[Records drawn from a dataset]
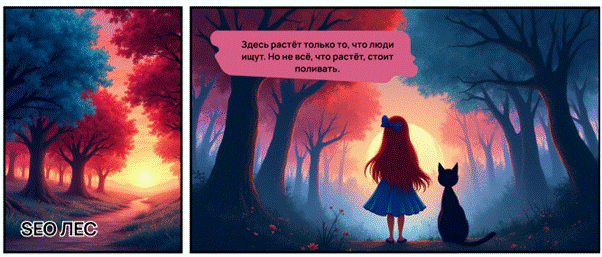 И прежде чем Алиса успела спросить: «Это сон?», — она уже падала сквозь SEO-лес, где деревья кричали запросами, через площадь платного трафика, где баннеры буквально хватали за рукав, мимо компаса-KPI, который знал все, но отвечал только на вопросы, которых никто не задавал…
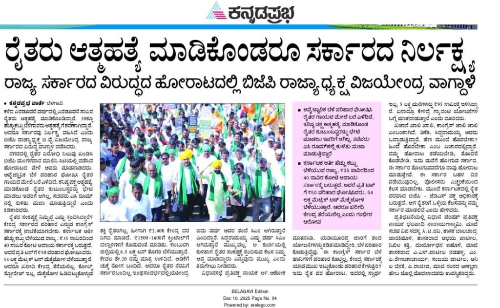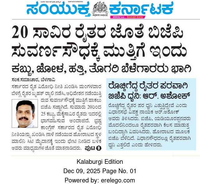 20 ಸಾವಿರ ರೈತರ ಜೊತೆ ಬಿಜೆಪಿ ಸುವರ್ಣಸೌಧಕ್ಕೆ ಮುತ್ತಿಗೆ ಇಂದು
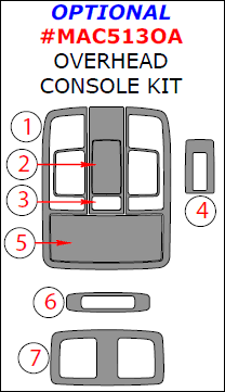 Mazda CX-5 2013, 2014, 2015, 2016.5, Optional Overhead Console Interior Kit, 7 Pcs.
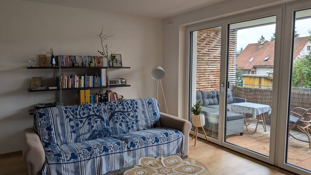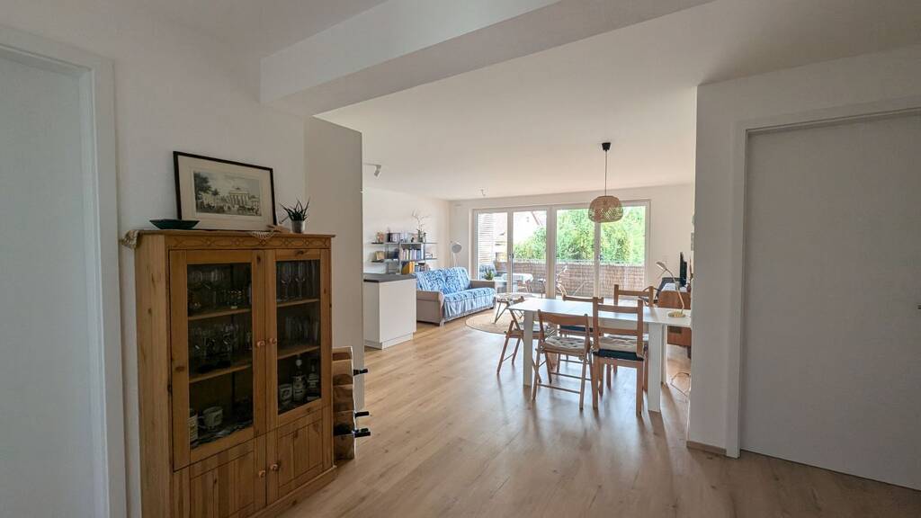 Durch bodentiefe Fensterfronten ist die Wohnung besonders hell und freundlich mit einem schönen Blick ins Grüne vom großen Südbalkon - trotz zentraler Lage am Rande der Altstadt. Sie befindet sich im 1. OG eines 2021 fertiggestellten Neubaus eines renommierten lokalen Bauträgers.
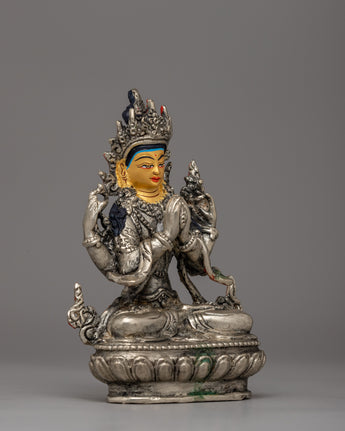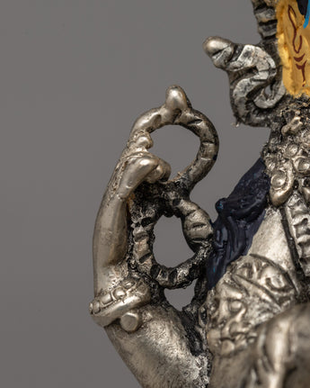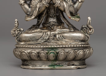 This magnificent statue is made with electro-silver plating which adds to its heavenly aura and beauty. Acrylic paint provides brilliant hues to Chenrezig's face, highlighting the deity's heavenly appearance. The statue, weighing 0.79 kg, is both lightweight and durable, making it great for personal altars, meditation places, or as a thoughtful present for loved ones. Its careful design and spiritual importance make it a timeless treasure, ideal for anybody looking to instill compassion and mindfulness in their surroundings.
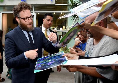 Famous lefthanders Seth Rogen signs autographs at the premiere of the Netflix original film' "Like Father" At ArcLight Theaters on July 31, 2018 in Los Angeles, California. (Photo by Michael Kovac/Getty Images for Netflix) (Michael Kovac/Getty Images for Netflix)

Work task:
Could every line above be set down exactly, with the pictures omitted?

Output of the exercise:
 И прежде чем Алиса успела спросить: «Это сон?», — она уже падала сквозь SEO-лес, где деревья кричали запросами, через площадь платного трафика, где баннеры буквально хватали за рукав, мимо компаса-KPI, который знал все, но отвечал только на вопросы, которых никто не задавал…
 20 ಸಾವಿರ ರೈತರ ಜೊತೆ ಬಿಜೆಪಿ ಸುವರ್ಣಸೌಧಕ್ಕೆ ಮುತ್ತಿಗೆ ಇಂದು
 Mazda CX-5 2013, 2014, 2015, 2016.5, Optional Overhead Console Interior Kit, 7 Pcs.
 Durch bodentiefe Fensterfronten ist die Wohnung besonders hell und freundlich mit einem schönen Blick ins Grüne vom großen Südbalkon - trotz zentraler Lage am Rande der Altstadt. Sie befindet sich im 1. OG eines 2021 fertiggestellten Neubaus eines renommierten lokalen Bauträgers.
 This magnificent statue is made with electro-silver plating which adds to its heavenly aura and beauty. Acrylic paint provides brilliant hues to Chenrezig's face, highlighting the deity's heavenly appearance. The statue, weighing 0.79 kg, is both lightweight and durable, making it great for personal altars, meditation places, or as a thoughtful present for loved ones. Its careful design and spiritual importance make it a timeless treasure, ideal for anybody looking to instill compassion and mindfulness in their surroundings.
 Famous lefthanders Seth Rogen signs autographs at the premiere of the Netflix original film' "Like Father" At ArcLight Theaters on July 31, 2018 in Los Angeles, California. (Photo by Michael Kovac/Getty Images for Netflix) (Michael Kovac/Getty Images for Netflix)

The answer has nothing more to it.